The Promise of Time-Series Foundation Models for Agricultural Forecasting: Evidence from Marketing Year Average Prices
Le Wang, Boyuan Zhang
TL;DR
This paper evaluates 17 forecasting approaches across four model classes on USDA ERS data (1997–2025) to forecast monthly prices and the policy-relevant Marketing Year Average (MYA). It finds that zero-shot time-series foundation models, particularly Time-MoE, outperform traditional econometric, machine learning, and deep learning models trained from scratch, achieving about 45% MAE improvement overall and >50% for corn and soybeans. The results challenge the prior view that simpler models suffice in agricultural forecasting and demonstrate that large pre-trained TSFMs can generalize well in data-scarce domains. The study discusses policy implications for Farm Bill programs and highlights why foundation models may offer a scalable path for high-stakes economic forecasting, with caveats about explainability and data leakage concerns. $MYA = \sum_{t=1}^{12} P_t \times w_t$ is used to illustrate the MYA aggregation, linking monthly forecasts to policy-relevant outcomes.
Abstract
Forecasting agricultural markets remains a core challenge in business analytics, where nonlinear dynamics, structural breaks, and sparse data have historically limited the gains from increasingly complex econometric and machine learning models.
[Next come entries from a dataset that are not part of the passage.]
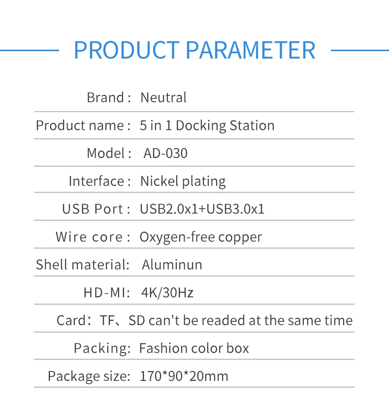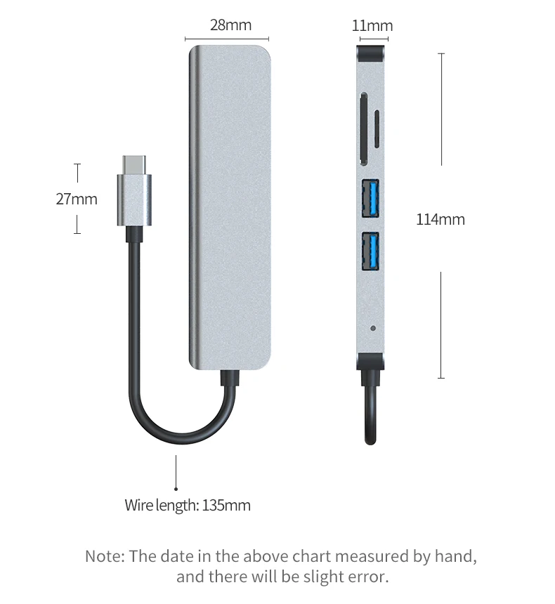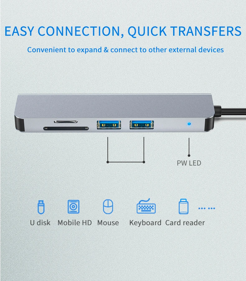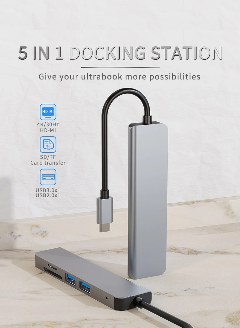 5 в 1 концентратор: USB 3,0*1 + USB2.0 * 1 + HDMI * 1 + TF кардридер * 1 + SD кардридер * 1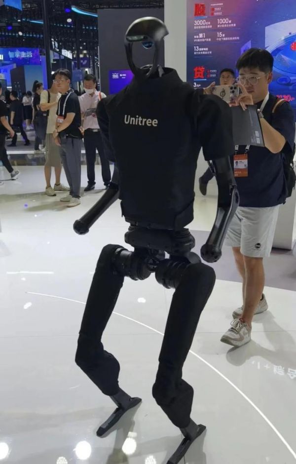 比如宇树科技,带来了自家首款通用人形机器人Unitree H1,工作人员称,这个身高一米八,体重47kg的“大块头”,已经实现在复杂地形和环境中自主行走和奔跑。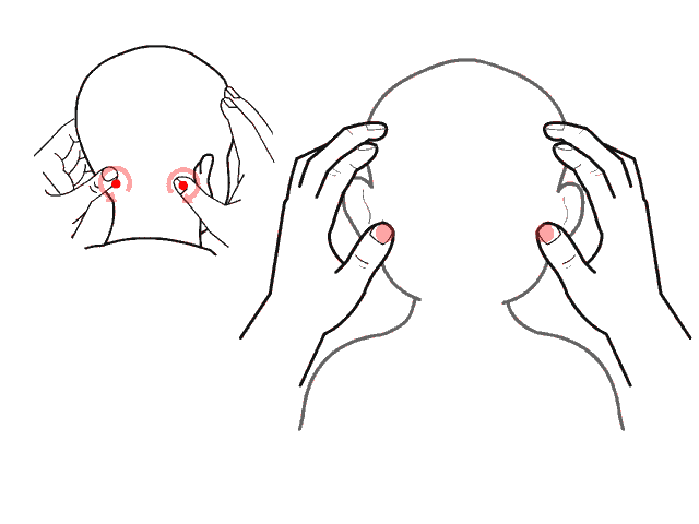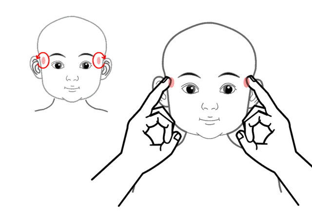 【操作】用两拇指扶小儿头,其余四指揉耳后高骨微下陷处,30~50次。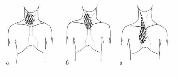 3-й тип - независимо от степени поражения глубоких клетчаточных пространств шеи гнойные очаги определяются в нижних отделах средостения.

As a result, a long-standing belief in the literature is that simple time-series methods often outperform more advanced alternatives. This paper provides the first systematic evidence that this belief no longer holds in the modern era of time-series foundation models (TSFMs). Using USDA ERS data from 1997-2025, we evaluate 17 forecasting approaches across four model classes, assessing monthly forecasting performance and benchmarking against Market Year Average (MYA) price predictions. This period spans multiple agricultural cycles, major policy changes, and major market disruptions, with substantial cross-commodity price volatility. Focusing on five state-of-the-art TSFMs, we show that zero-shot foundation models (with only historical prices and without any additional covariates) consistently outperform traditional time-series methods, machine learning models, and deep learning architectures trained from scratch. Among them, Time-MoE delivers the largest accuracy gains, improving forecasts by 45% (MAE) overall and by more than 50% for corn and soybeans relative to USDA benchmarks. These results point to a paradigm shift in agricultural forecasting: while earlier generations of advanced models struggled to surpass simple benchmarks, modern pre-trained foundation models achieve substantial and robust improvements, offering a scalable and powerful new framework for highstakes predictive analytics.